Come voi sapete, o venerabili fratelli, già fin dagli ultimi tempi di Pio VII, nostro predecessore, i maggiori principi dell’Europa cercarono di indurre l’Apostolica Sede ad introdurre nell’amministrazione civile sistemi più rispondenti ai desideri dei laici. Poi, nel 1831, ribadirono questi voti e consigli con quel famoso Memorandum che gli imperatori d’Austria e Russia e i re di Francia, Inghilterra e Prussia ritennero opportuno mandare e Roma per mezzo dei loro ambasciatori. In quella nota, fra l’altro, si parlava di convocare a Roma una Consulta di tutto lo Stato pontificio e d’instaurare od ampliare la costituzione dei Municipi, d’istituire i consigli provinciali, come pure d’introdurre gli stessi ed altri istituti in tutte le province a comune utilità e di rendere accessibili ai laici tutti quegli uffici che riguardassero o l’amministrazione delle cose pubbliche o l’ordine dei giudizi. E questi due punti singolarmente si proponevano come principi vitali di governo. In altre note di ambasciatori si parlava di dare un più ampio perdono a tutti coloro che si erano levati dalla fede del principe nel dominio pontificio.
«Tutti poi sanno che alcune di queste cose furono attuate da Gregorio XVI, nostro predecessore, e che altre furono promosse negli editti emanati per ordine suo nel 1831. Ma questi benefizi del nostro predecessore non parvero così pienamente rispondere ai voti dei principi né a bastare ad assicurare la pubblica utilità e la tranquillità in tutto lo Stato della Santa Sede. Per la qual cosa Noi, appena dall’imperscrutabile volere di Dio fummo posti sul trono, non eccitati da conforto o consiglio, ma spinti dal nostro singolare affetto verso il popolo sottoposto al temporale dominio ecclesiastico, concedemmo un più largo perdono a coloro che si erano allontanati dalle fedeltà dovuta al Governo pontificio e quindi ci affrettammo a fare alcune cose che avevamo pensato dovessero giovare alla prosperità del popolo. E tutto ciò che operammo all’inizio del nostro pontificato ben si accorda con quello che i principi d’Europa avevano desiderato.

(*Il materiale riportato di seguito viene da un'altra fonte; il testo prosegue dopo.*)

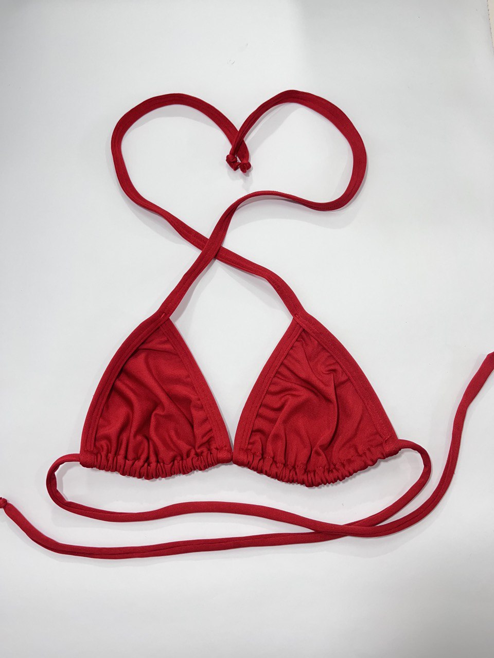 Top cortininha de poliéster tratado com toque macio, forrado com alças para amarrar no pescoço e nas costas.
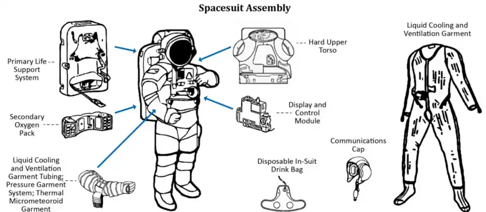 - Un sous-vêtement destiné à réguler la température LCVG (Liquid Cooling and Ventilation Garment), qui comprend un réseau de tubes dans lequel circule de l'eau liquide fraîche destinée à maintenir une température adéquate ainsi que des tubes de ventilation pour évacuer les gaz rejetés par la respiration et le corps (oxygène, dioxyde de carbone, vapeur d'eau, traces d'autres éléments)[5].

Ma poiché, con l’aiuto di Dio, furono attuati i nostri disegni, i nostri popoli e quelli vicini esultarono di gioia e con pubbliche dimostrazioni ci acclamarono così smodatamente da indurci a provvedere affinché anche in questa eterna città si contenessero entro i giusti limiti i clamori, i plausi e gli assembramenti che con troppo impeto prorompevano.
Tutti inoltre conoscete le parole dell’allocuzione che vi rivolgemmo nel concistoro del 4 ottobre dell’anno scorso con il quale commentammo la benignità e le più amorevoli premure dei principi verso i popoli a loro soggetti ed esortammo i popoli stessi alla fede ed all’obbedienza dovuta ai loro principi. Né trascurammo di ammonire ed esortar tutti efficacissimamente affinché, aderendo fermamente alla dottrina cattolica ed osservando i precetti di Dio e della Chiesa, fossero concordi, tranquilli e caritatevoli con tutti. E deh ! fosse stato in piacer di Dio che il desiderato successo avesse risposto alle nostre voci e ai nostri conforti paterni ! Ma sono chiari a ciascuno i pubblici sommovimenti dei popoli italiani, di cui su abbiamo fatto cenno, come gli altri eventi che, o fuori d’Italia o nella stessa Italia, erano accaduti prima o accaddero dopo.
«Se poi qualcuno volesse pretendere che ciò che benevolmente e benignamente abbiamo fatto all’inizio del nostro pontificato abbia provocato tali eventi, sarebbe in errore perché abbiamo fatto quello che non solo a Noi, ma ai suindicati principi era sembrato opportuno alla prosperità del nostro dominio temporale. Rispetto poi a coloro che nei nostri Stati abusarono dei nostri stessi benefizi, Noi, imitando l’esempio del Divin Principe dei Pastori, perdoniamo loro di cuore e affettuosamente li richiamiamo a più sano consiglio, e a Dio, padre delle misericordie, supplichevolmente chiediamo che allontani con clemenza dal loro capo i flagelli che sovrastano agli ingrati. I popoli tedeschi pertanto non dovrebbero nutrire sdegno verso di Noi se non ci fu possibile frenare l’ardore di quei nostri sudditi che applaudirono agli avvenimenti antiaustriaci dell’Italia settentrionale e, infiammati come gli altri di pari fervore verso la propria nazione, cooperarono con gli altri popoli d’Italia a pro della stessa causa; altri sovrani europei, che dispongono di eserciti più potenti del nostro non hanno potuto di recente frenare l’agitazione dei loro popoli.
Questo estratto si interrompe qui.